## Recorded information
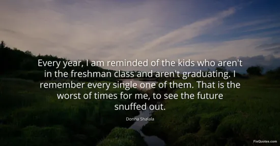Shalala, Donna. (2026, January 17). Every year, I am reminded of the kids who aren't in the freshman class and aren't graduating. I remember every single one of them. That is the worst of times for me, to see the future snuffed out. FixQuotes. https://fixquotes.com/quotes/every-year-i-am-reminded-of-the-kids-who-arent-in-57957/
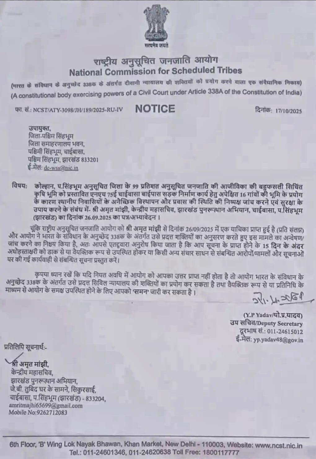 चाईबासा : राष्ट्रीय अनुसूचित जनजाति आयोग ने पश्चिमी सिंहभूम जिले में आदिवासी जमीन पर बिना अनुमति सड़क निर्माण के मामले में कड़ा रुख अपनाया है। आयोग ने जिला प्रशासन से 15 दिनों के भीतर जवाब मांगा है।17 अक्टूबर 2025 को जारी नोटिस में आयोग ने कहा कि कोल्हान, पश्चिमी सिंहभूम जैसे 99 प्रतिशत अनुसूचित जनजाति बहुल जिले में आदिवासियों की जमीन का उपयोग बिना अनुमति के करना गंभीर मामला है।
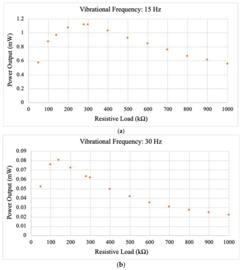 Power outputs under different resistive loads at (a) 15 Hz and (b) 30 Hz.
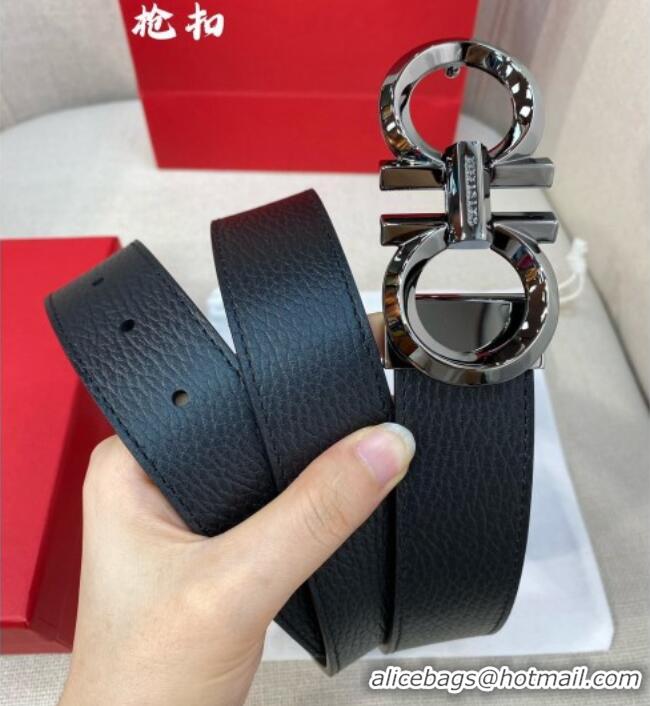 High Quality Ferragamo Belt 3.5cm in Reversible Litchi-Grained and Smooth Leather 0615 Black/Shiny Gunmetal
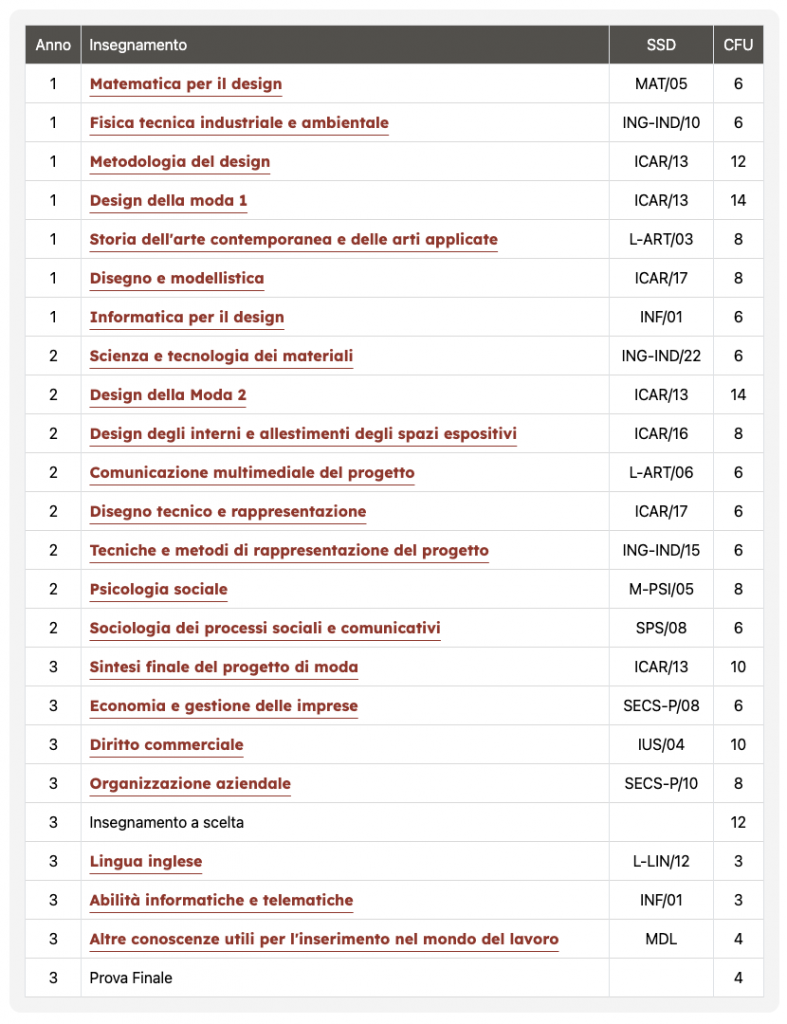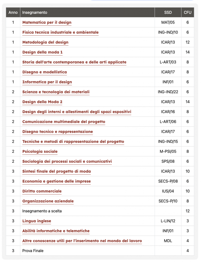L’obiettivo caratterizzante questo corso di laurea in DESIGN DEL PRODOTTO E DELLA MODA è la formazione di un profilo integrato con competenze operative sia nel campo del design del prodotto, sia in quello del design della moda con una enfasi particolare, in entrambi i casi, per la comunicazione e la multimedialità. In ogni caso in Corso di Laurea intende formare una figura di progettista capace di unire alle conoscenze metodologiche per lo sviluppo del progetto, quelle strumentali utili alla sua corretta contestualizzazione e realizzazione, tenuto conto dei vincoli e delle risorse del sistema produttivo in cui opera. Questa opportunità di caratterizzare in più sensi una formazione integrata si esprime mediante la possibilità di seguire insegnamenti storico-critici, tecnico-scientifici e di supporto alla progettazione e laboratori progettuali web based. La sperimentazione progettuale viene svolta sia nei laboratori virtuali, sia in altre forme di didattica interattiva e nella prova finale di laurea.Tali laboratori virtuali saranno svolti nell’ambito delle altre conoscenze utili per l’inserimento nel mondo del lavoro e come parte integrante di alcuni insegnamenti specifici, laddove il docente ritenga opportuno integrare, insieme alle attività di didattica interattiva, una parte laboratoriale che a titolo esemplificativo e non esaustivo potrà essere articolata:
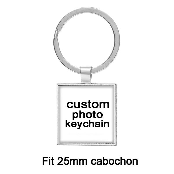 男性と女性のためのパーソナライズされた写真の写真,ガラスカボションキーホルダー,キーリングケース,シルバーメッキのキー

## Task
Your task is to repeat exactly the lines from the beginning of the data to the line that contains "चाईबासा : राष्ट्रीय", both ends included, leaving out pictures.

## Response area
Shalala, Donna. (2026, January 17). Every year, I am reminded of the kids who aren't in the freshman class and aren't graduating. I remember every single one of them. That is the worst of times for me, to see the future snuffed out. FixQuotes. https://fixquotes.com/quotes/every-year-i-am-reminded-of-the-kids-who-arent-in-57957/
 चाईबासा : राष्ट्रीय अनुसूचित जनजाति आयोग ने पश्चिमी सिंहभूम जिले में आदिवासी जमीन पर बिना अनुमति सड़क निर्माण के मामले में कड़ा रुख अपनाया है। आयोग ने जिला प्रशासन से 15 दिनों के भीतर जवाब मांगा है।17 अक्टूबर 2025 को जारी नोटिस में आयोग ने कहा कि कोल्हान, पश्चिमी सिंहभूम जैसे 99 प्रतिशत अनुसूचित जनजाति बहुल जिले में आदिवासियों की जमीन का उपयोग बिना अनुमति के करना गंभीर मामला है।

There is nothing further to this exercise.